That was the impression I got reading some comments people made online 
and doing research, so I focused on tkinter. As I mentioned in the 4th 
sentence of the post you quoted I discovered that was not the case, but 
by then I had already done some work on the tkinter script so I kept with 
it.

 Before I actually tried any of this and was just thinking of it 
conceptually I bought the Kade device. It was my hope that it would save 
on soldering, something I hate so very, very much, and I had not started 
learning Python at that point. It never occurred to me something so 
simple as keystrokes would not be present in Python, a language rated as 
being terrific by everyone I know who knows it.

 Out of great ignorance I thought I could hook up the Kade device and do 
something like if keypress == r then do this. Also out of ignorance I 
thought that using the GPIO would require days of soldering and 
incredibly complicated coding to talk to the pins.

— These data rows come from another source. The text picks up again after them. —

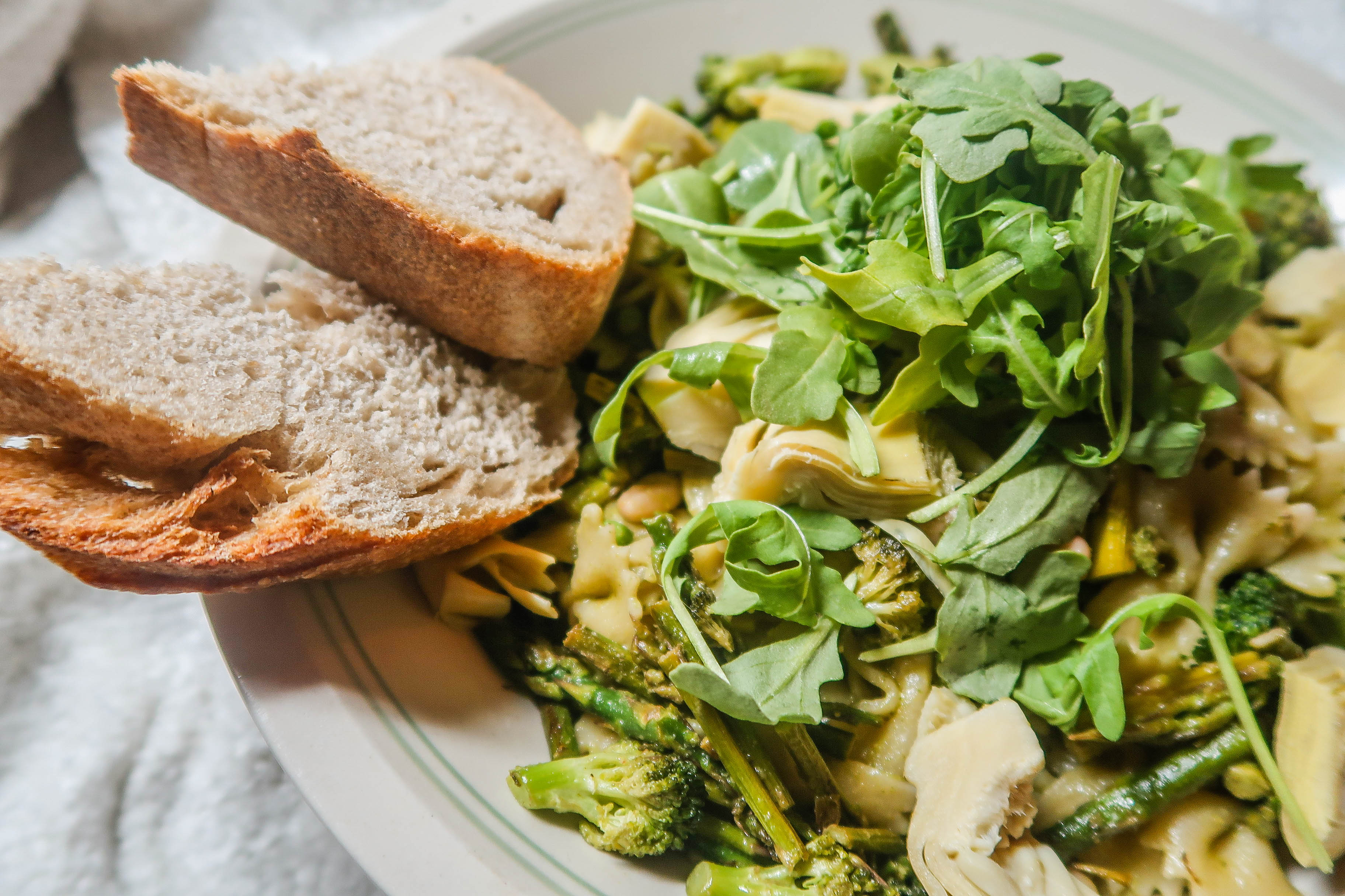 4. Drain de pasta, pour the pesto over the pasta and toss. Add the roasted veggies to the pasta
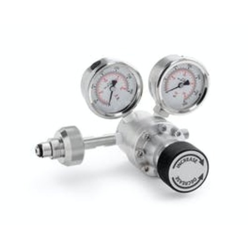 Piston sensed pressure reducing regulator for use in providing a stable pressure to precision pressure control devices.
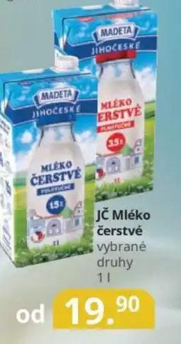 | Madeta JČ Mléko čerstvé polotučné, plnotučné 1,5%, 3,5% 1 L | Potraviny CZ | | 19,90 Kč | | 14 ledna 2026 | 26 ledna 2026 |
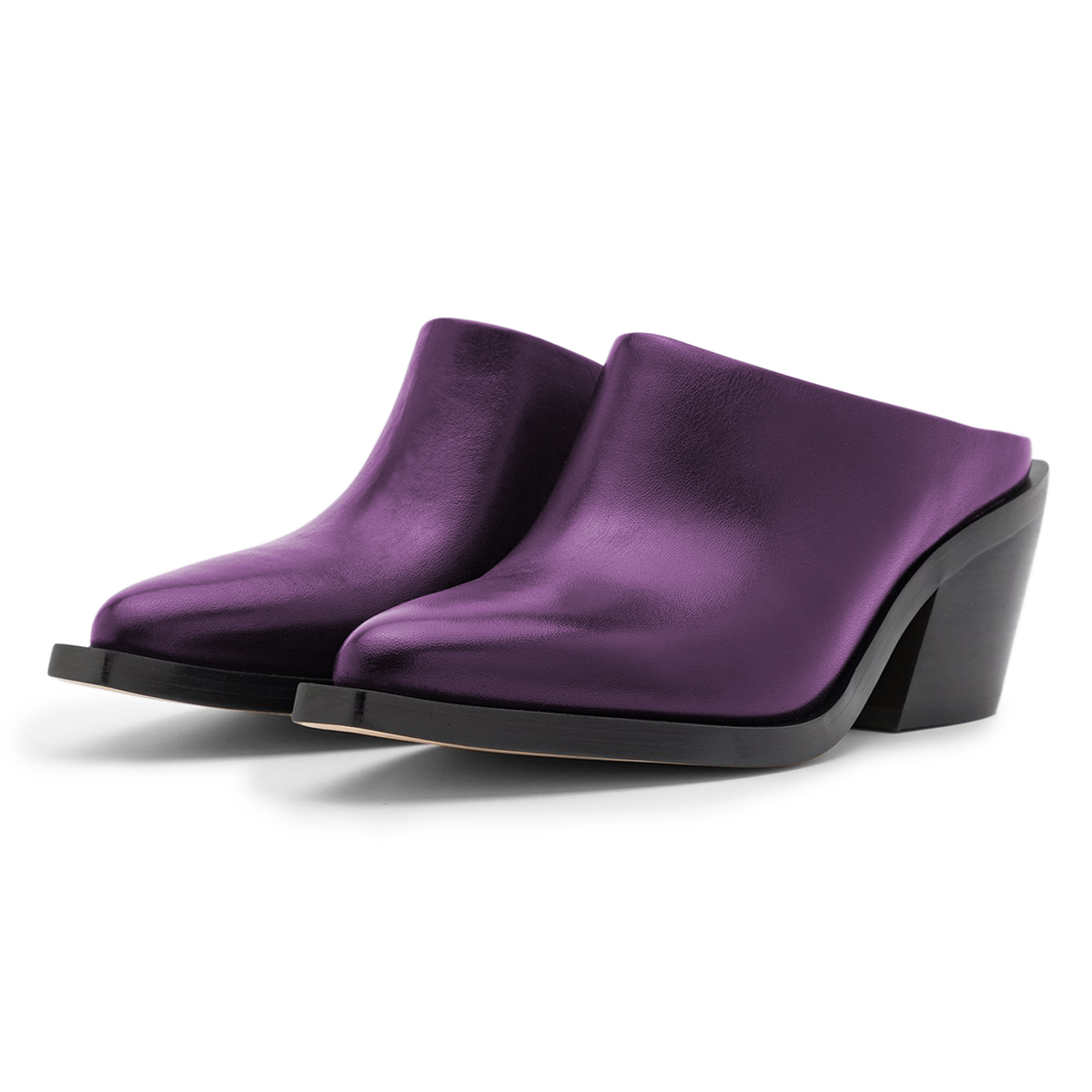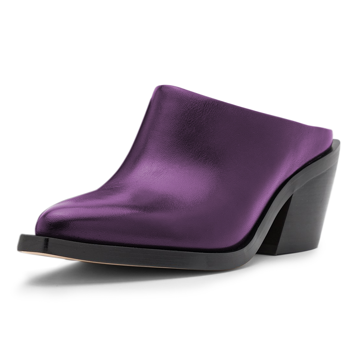 • Special Designs: Purple mules with a classic block heel and snip-toe design.
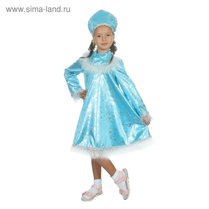 Карнавальный костюм "Снегурочка с кокеткой", атлас, кокошник, платье, р-р 34, рост 134 см
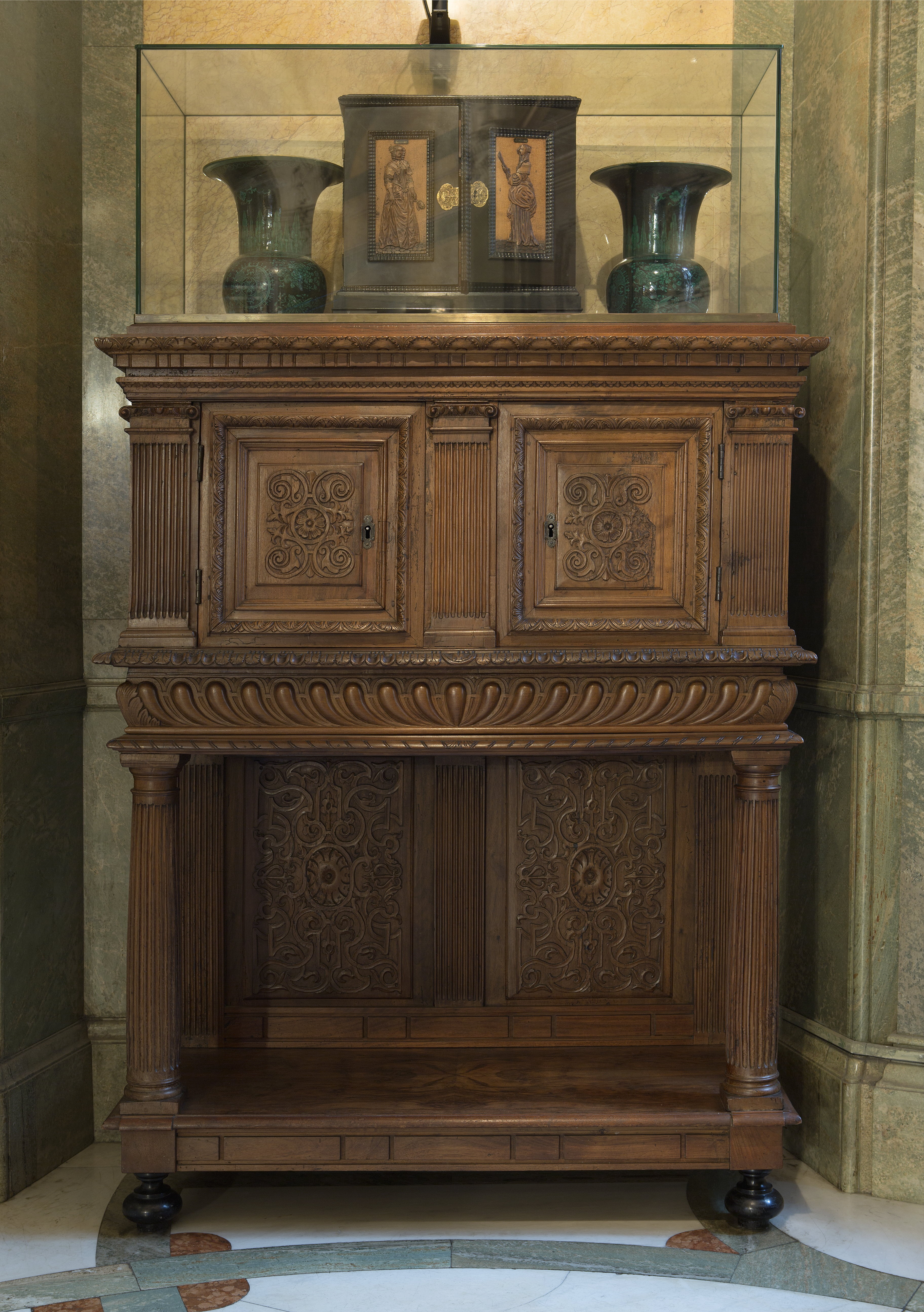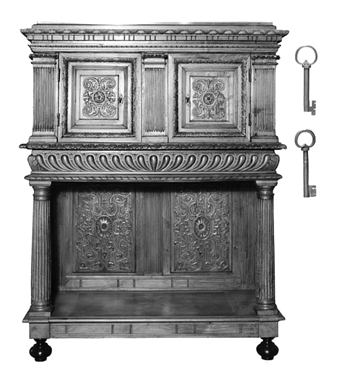 - Af valnötsträ. Aflångt, med raka former samt två dörrar på gångjärn af järn; på fotställ. Snidadi i relief samt bonadt. Hvardera dörren med ram och fyllning, den senare med insänkt slät fris och stående rektangulärt midtfalt. I fältets midt en fembladig blomma inom smal ram, öfver och under denna två frånvända snirkelornament, hvartdera med inre ändan afslutad i ett flikigt blad; kring ytterkanten en smal staf, Kring ramens innerkant en profilerad utstående list, i midten en starkt utstående list med stafformig insida, hvarå fortlöpande utåtvända bladornament i plattsnideri, hvarje omslutet af en smal båge, mellan dessa ett treflikadt bladornament samt i hvarje hörn ett utåtvändt stort flikigt blad; listens utsida i hålkäl. I frisen å hvardera fyllningen en stående aflång nyckelskylt af järn, med ett rundadt utsprång vid hvardera ändan som spikfaste. Mellan dörrarna och vid yttersidorna en pilaster, kannelerad med nio kälar samt med profilerad sockel och joniskt kapitäl. Kortsidor med stående rektangulär fyllning och insänkt slät fris. I midtfältet ett stort symmetriskt ornament af två liggande frånvända bågar med ändarna afslutade i stora snirklar, från hvilka utgående inåt tre flikiga blad; vid hvardera yttersidan ett blad på kort stjälk, utgående från ytterbågen, i svicklarna mellan bågarna två flikiga blad; kring ytterkanten en smal staf. Vid fram- och bakkanterna en pilaster som de å framsidan, den främre med fem kälar, den bakre med en. Nedtill kring skåpet en utstående list med rundad öfversida, hvarå grupper af tre utåtvända flikiga blad, omväxlande med grupper af tre kälformiga tungor; å framsidans midt ett halfrundt bladornament inom slät båge samt i hvartdera hörnet större bladornament; kring inkanten en af pärlor af bruten smal staf; å listens undersida en hålkäl. Under listen en indragen sarg med godronnering af höga bucklor, något böjda samt spetsigt afsmalnande nedåt, hvarje inom slät smal ram; bucklorna å framsidan lutande från midten åt båda sidor, å kortsidorna framåt; i hvartdera af främre hörnen ett uppåtvändt stort bladornament; nedtill en slät staf. Upptill ett utstående listverk, å öfversta profilen fortlöpande bladornerade uppåtvända bågar, mellan dessa treflikade bladornament, å den näst följande profilen grupper af tre tvärgående kälar samt å en af nedre profilerna nedåtvända bladspetsar, omväxlande med mindre uddar. Ofvanpå skåpet en pålagd skifva, kring hvars ytterkant en profilering. Rygg af liggande trä, slät. Dörrarnas insidor släta, å hvardera ett lås med utanpåliggande mekanism, det högra med graverade orneringar och tvådelad kolf, det vänstra med enkel. Fotställ (original): Med två kolonner, rygg samt fotsarg med skifva. Ofvanpå kolonner och rygg en smal ram med profilerad utstående kant, hvarå grupper af två snedt öfver gående reffior, å framsidan snedt ställda från midten åt hvardera sidan, å kortsidorna framåt; å framsidan i midten samt i främre hörnen ett bladornament. Kolonner: en i hvartdera af främre hörnen och stående på sargskifvan; hvardera svagt afsmalnande uppåt, kannelerad samt med fyrsidig fot- och bärskifva. Rygg med ram och två stående rektangulära fyllningar med släta insänkta friser, å hvartdera midtfältet i midten en stående oval bladrosett inom smal slät ram, däromkring båg- och snirkelformiga symmetriska bladornerade bandslingor, gående öfver och under hvarandra; kring ytterkanten en smal staf. De stående ramstyckena kannele-rade, det mellersta med nio, de vid sidorna med tio kälar; öfre ramstycket slätt, det nedre med två längdgående rännor, mellan dessa tvärgående dylika, bildande tre längre och fyra kortare fyrsidiga fält. Fotsarg med sidor som ryggens nedre ramstycke, i hörnen en utstående slät platta. Skifva slät, med utsprång och rundad nedtagen kant. Under sargen i hvarje hörn en tryckt kulfot i svart, med fotplatta och käl-formig hals. Höjd: 1.54 m. Skåp, höjd: 0.565 m.; bredd: 1.21 m.; djup: 0.53 m. Fotställ, höjd: 0.975 m.; bredd: 1.17 m.; djup: 0.5 m. Nycklar (original): Af järn, hvardera med nästan rund ögla; upptill å pipan en åttasidig fläns (s. k. stos), öfver denna en i öglan inskjutande spetsig flik. Längd: 11.5 och 12 cm.; bredd: 3.6 och 3.7 cm. Sydtyskt arbete från 1500-talet. Inköpt af Wilhelmina von Hallwyl, f. Kempe, 7 Juni 1893 hos konsthandlaren H. Bukowski, Arsenalsgatan 3 d, Stockholm, se räkning samma dag. Betaldt 7 Juni 1893. Pris: Kr. 350, se räkning. Repareradt hos snickaren C. H. Benckert J:r, Regeringsgatan 63, Stockholm, se räkning 30 December 1893. Betaldt 3 Februari 1894, se Rescontra (Walther VON Hallwyl) Pris: Kr. 135, se räkning.
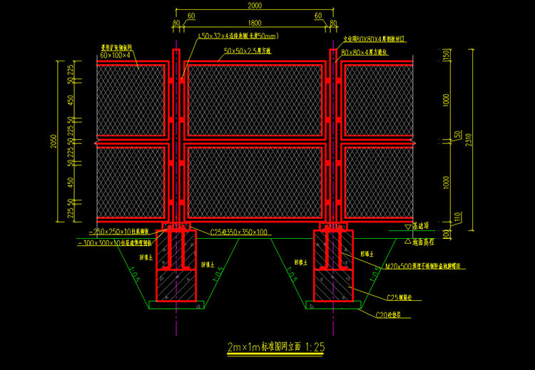 2.圍網(wǎng)網(wǎng)面以Q235低碳鋼板切割擴(kuò)張制成,網(wǎng)面與方通應(yīng)采用面接,接觸長度不小于20mm,鋼板網(wǎng)尺寸采用長節(jié)距100mm,短節(jié)距60mm,梗寬4mm,鋼板厚4mm,未盡部分詳見詳見《隔離柵》(GB/T 26941-2011)。
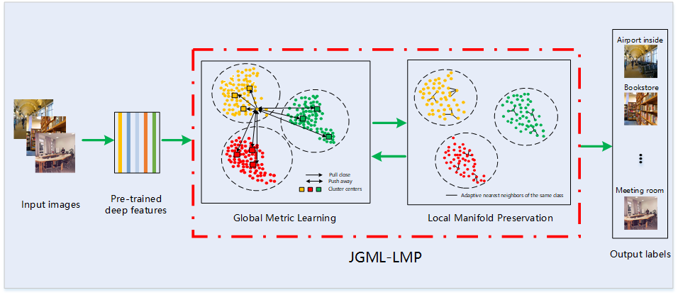 不同于一般目标图像,场景图像具有以下特性:类内高差异性,类间高相似性,光照不均匀,尺度多变性以及复杂的场景语义信息,这些给场景图像识别带来了巨大的挑战。为了应对这些挑战,基于预训练深度特征,首先,利用每个具体类的聚类中心设计一种新的全局度量学习方法,使得类内距离尽可能小而类间距离尽可能大,充分捕获全局判别信息。其次,为了利用局部流形结构,在新的度量空间中引入了自适应最近邻约束,以保持局部近邻结构。最后,联合全局度量学习和局部流形保持形成统一的学习框架(如下图),在场景图像数据集上的大量实验证明了所提出的算法提升了深度特征潜在的判别性和表达性,进而有效改善复杂场景图像识别性能。
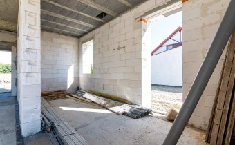 DOM JEDNORODZINNY, W ZABUDOWIE BLIŹNIACZEJ W STANIE SUROWYM OTWARTYM + OCIEPLENIE

 Only since I got much more deep into actually doing this did I start to 
find out otherwise. Spent the last few days looking at breakout boards to 
see if they would make the wiring easier to test out. When I saw one that 
had built in electrical protection (RaspIO Pro) I thought about getting 
it and going the route you suggest. However, I cannot find any option 
that does not require a breadboard. The lack of compactness and all the 
exposed wires does bother me a bit. More than it should, but I need a 
compact setup I can place outdoors. Breadboards and loose wires worry me 
in this case.

 Still, I must admit I spent the last 3 or 4 days thinking about exactly 
what you said and I may do it that way after all just to get it to work 
software wise.

 And BTW, I am not using any GPIO for the lights, the LED light strip is 
hooked up to a Blinkstick Pro through a USB port.